| TASK ITEM |
Reproduce the data exactly and drop any pictures it holds.

| DATA BLOCK |
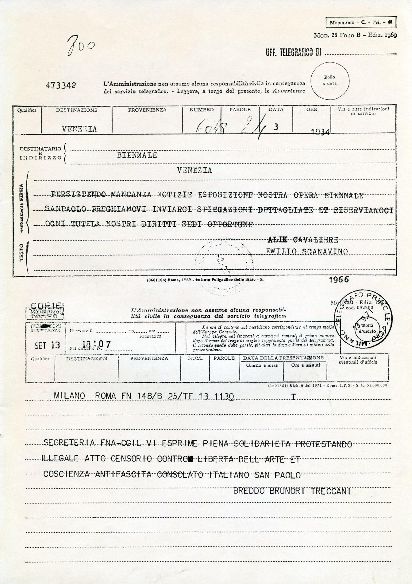 Sempre nel 1966 espone alla Galleria De’ Foscherari, a Bologna con catalogo e testo di Pietro Bonfiglioli, alla Galleria Ferrari di Verona, e nel contesto di altre importanti collettive: Aspetti dell’arte italiana contemporanea, presso la Galleria Nazionale d’Arte Moderna, a Roma; Tokyo International Exhibition of Art, in Giappone; Graphics ’67, presso la Lexington University of Kentucky Art, in Inghilterra.
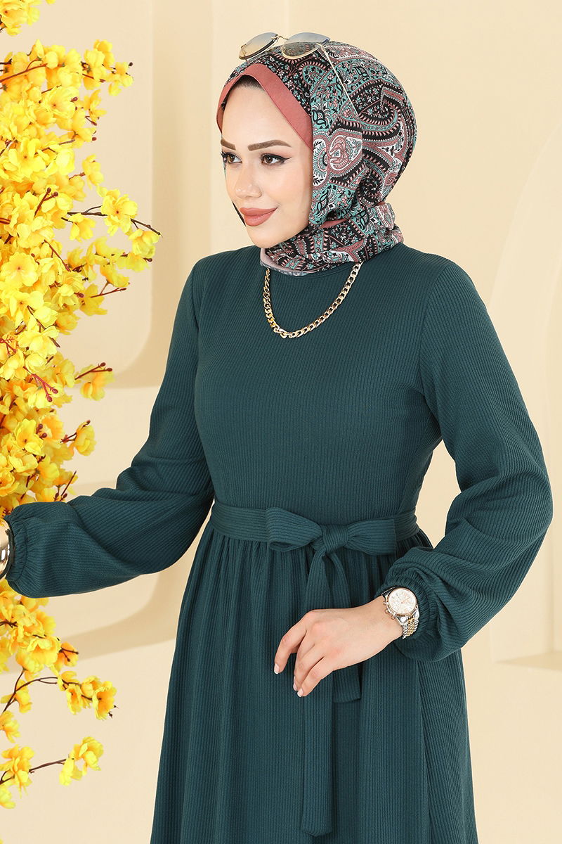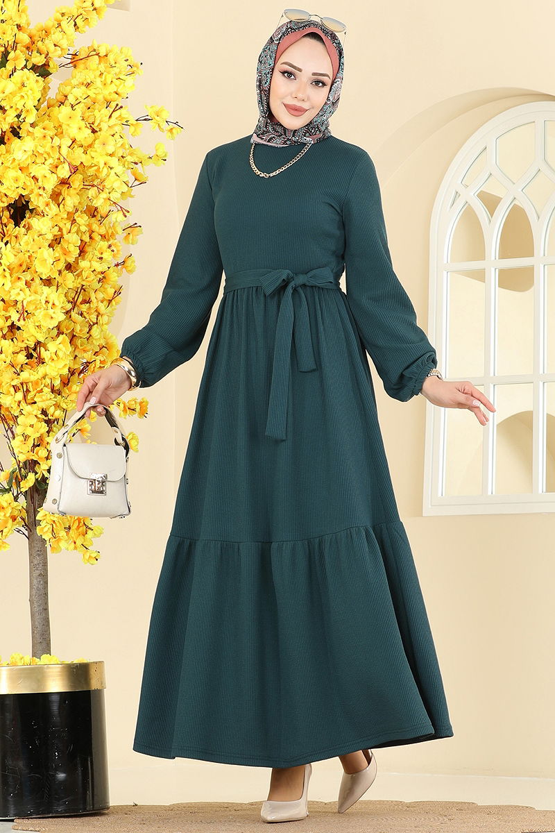 Eteği Katlı Kuşaklı Elbise Petrol
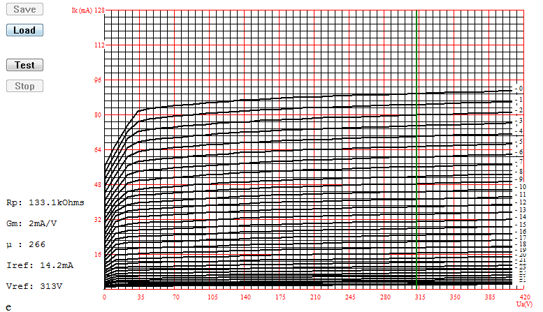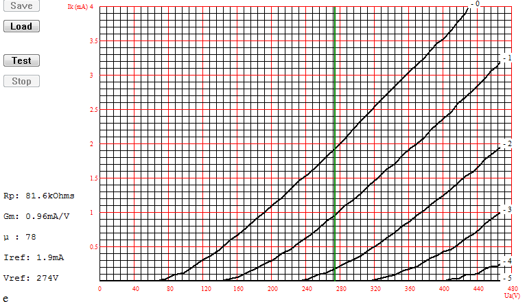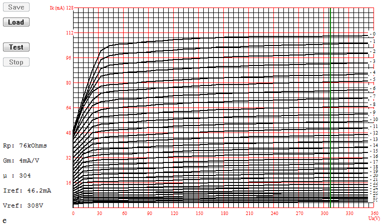 Simplement pour dire que j’ai monté le traceur de radioelec, il doit fonctionner en impulsion, je pense (quoique ?). Je suis intéressé par les courbes et curieux de ce que ça peut donner, ce genre de module. Et puis, je me dis que le jour où ma vieille pétoire Hickok tombe en panne, je serai bien emm*é. Bref, mon montage n’est pas encore totalement opérationnel (je dois encore régler des problèmes avec certaines pentodes de puissance), mais les relevés de courbes entre tube neuf et tube rincé (qui fonctionnent encore un peu néanmoins) sont quand même assez significatifs (je me fie surtout aux courbes, plus qu’aux données calculées à gauche, qui sortent parfois des données un poil bizarre ... mais c’est peut-être moi qui règle mal le bazar). En fait, si on compare les courbes obtenues avec les courbes des datasheet, pour les bonnes lampes, c’est cohérent, pour les lampes rincées, on voit qu’elles sont bien rincées au niveau du courant d'anode !

| TASK OUTPUT |
 Sempre nel 1966 espone alla Galleria De’ Foscherari, a Bologna con catalogo e testo di Pietro Bonfiglioli, alla Galleria Ferrari di Verona, e nel contesto di altre importanti collettive: Aspetti dell’arte italiana contemporanea, presso la Galleria Nazionale d’Arte Moderna, a Roma; Tokyo International Exhibition of Art, in Giappone; Graphics ’67, presso la Lexington University of Kentucky Art, in Inghilterra.
 Eteği Katlı Kuşaklı Elbise Petrol
 Simplement pour dire que j’ai monté le traceur de radioelec, il doit fonctionner en impulsion, je pense (quoique ?). Je suis intéressé par les courbes et curieux de ce que ça peut donner, ce genre de module. Et puis, je me dis que le jour où ma vieille pétoire Hickok tombe en panne, je serai bien emm*é. Bref, mon montage n’est pas encore totalement opérationnel (je dois encore régler des problèmes avec certaines pentodes de puissance), mais les relevés de courbes entre tube neuf et tube rincé (qui fonctionnent encore un peu néanmoins) sont quand même assez significatifs (je me fie surtout aux courbes, plus qu’aux données calculées à gauche, qui sortent parfois des données un poil bizarre ... mais c’est peut-être moi qui règle mal le bazar). En fait, si on compare les courbes obtenues avec les courbes des datasheet, pour les bonnes lampes, c’est cohérent, pour les lampes rincées, on voit qu’elles sont bien rincées au niveau du courant d'anode !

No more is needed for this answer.